11.  James:  Jayson Werth (OF).  Absent a more obvious choice, I went value here (by ESPN, they have a nicer cheat sheet), but I could justify going Posey or any number of pitchers here.  Only Mike ahead of me could possibly go pitcher, so I feel ok holding off (and I already have one stud SP).   Also worth noting that Yahoo disagrees with ESPN and they've buried Werth in the rankings.  Since we're an OBP league, I'm leaning with the higher estimation.

12.  Joe:  Buster Posey (C).  Not thrilled with this choice.  I'd have liked to go OF here, but the next tier of outfielders (Rios, Pence, Ethier, BJ Upton, Ellsbury) feel like unsure things, given injuries from last year, or valuations based on 1-year breakouts immediately after mediocrity.  Ichiro is up there on the value charts, but that's because of his BA, and we're an OBP league, so there's no reason Ichiro should be taken ahead of Brett Gardner.  The other positional options are Jeter (ugh), Michael Young (ugh), Brandon Phillips (ugh from experience), or another pitcher...and I don't need to go SP3 so early.
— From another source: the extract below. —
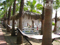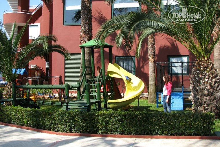 Территория не большая, компактная, зеленая. Продумано все очень грамотно, все на месте, все удобно. Территорию отеля условно можно поделить на 3 зоны: 1 – тихую зону. Большой тихий бассейн без анимации, просто для отдыха и загара. У бассейна свой бар. 2 – активную зону. Бассейн с тремя горками, работающими весь день, как мне показалось, большой бассейн с анимацией, здесь же входы в крытые бассейны, их 3 (детский 0,4 м, взрослый 1,40 м, и джакузи 1 м). И собственный бар с алкогольными коктейлями, соками, выпечкой, хот – догами и горячими тостами. По этим двум зонам ездят 2 тележечки, одна с прохладительными напитками, кстати, можно попросить ефес темный, или ефес лайт в бутылках. У них есть не только разливной. Вторая тележечка возит огурцы, яблоки и морковь в мисочках со льдом. Ты просишь, тебе дядя чистит например огурчик или морковь, ну или яблоко и подает. Приятно))) Ну и 3 зона – детская зона. Мини-клуб, детский туалет на улице (любовь моего ребенка),детская площадка, детский бассейн с 3 слониками – горками, детский бар с соками, молоком с бананом или с клубникой, и такими же огурцами и яблоками как на тележке, и конечно луна-парк (все как и в прошлых годах, бесплатно с 15.00 до 17.00).В луна-парке есть бар, «секрет» называется, вот в нем готовят вкуснейшие безалкогольные коктейли на основе свежих фруктов, сока и льда (клубника, банан, персик). Ну и завершает территорию улочка, которая тянется вдоль пляжа с едой. Мороженное, все так же бесплатно, молочные коктейли, лепешки с мясом, турецкие лепешки, шаурма и снек- бар.
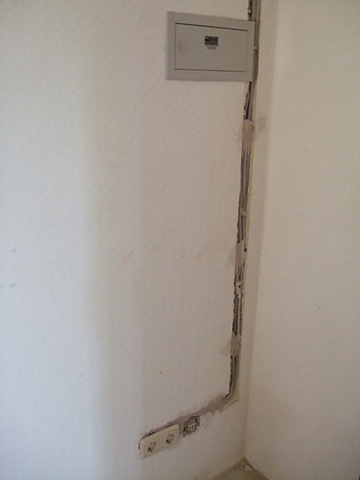 Der Sicherungskasten hinter der Wohnungstür, neben der Telefondose waren noch nicht mal Stromdosen.

13.  Mike:  Andre Ethier (OF).  Too early for the remaining 1B.  Too early for McCann.  Don't like 2B offerings.  Tom's not taking pitchers so I can wait for next round.  Of the available outfielders in this tier, Ethier has the highest OBP and slugging potential.

14.  Tom:   Derek Jeter (SS).  Have to buy in now, otherwise I'll be closely following Starlin Castro at-bats throughout the season.  I'll also have to think about whether I want a Rios/Upton/Ellsbury to pair this pick, go catcher, reach for 1B (will Konerko last 26 picks?), settle for a 2B/3B (Young/Ramirez/Phillips?), or just say fuck the whole goddamn thing and take a third pitcher (Hanson, Carpenter, Weaver, Hamels, Price...).

The quality of my analysis certainly declined late in the round, after the easy picks, and also once I transitioned home from work and had to contend with Dora & Diego and spilled food and other assorted distractions.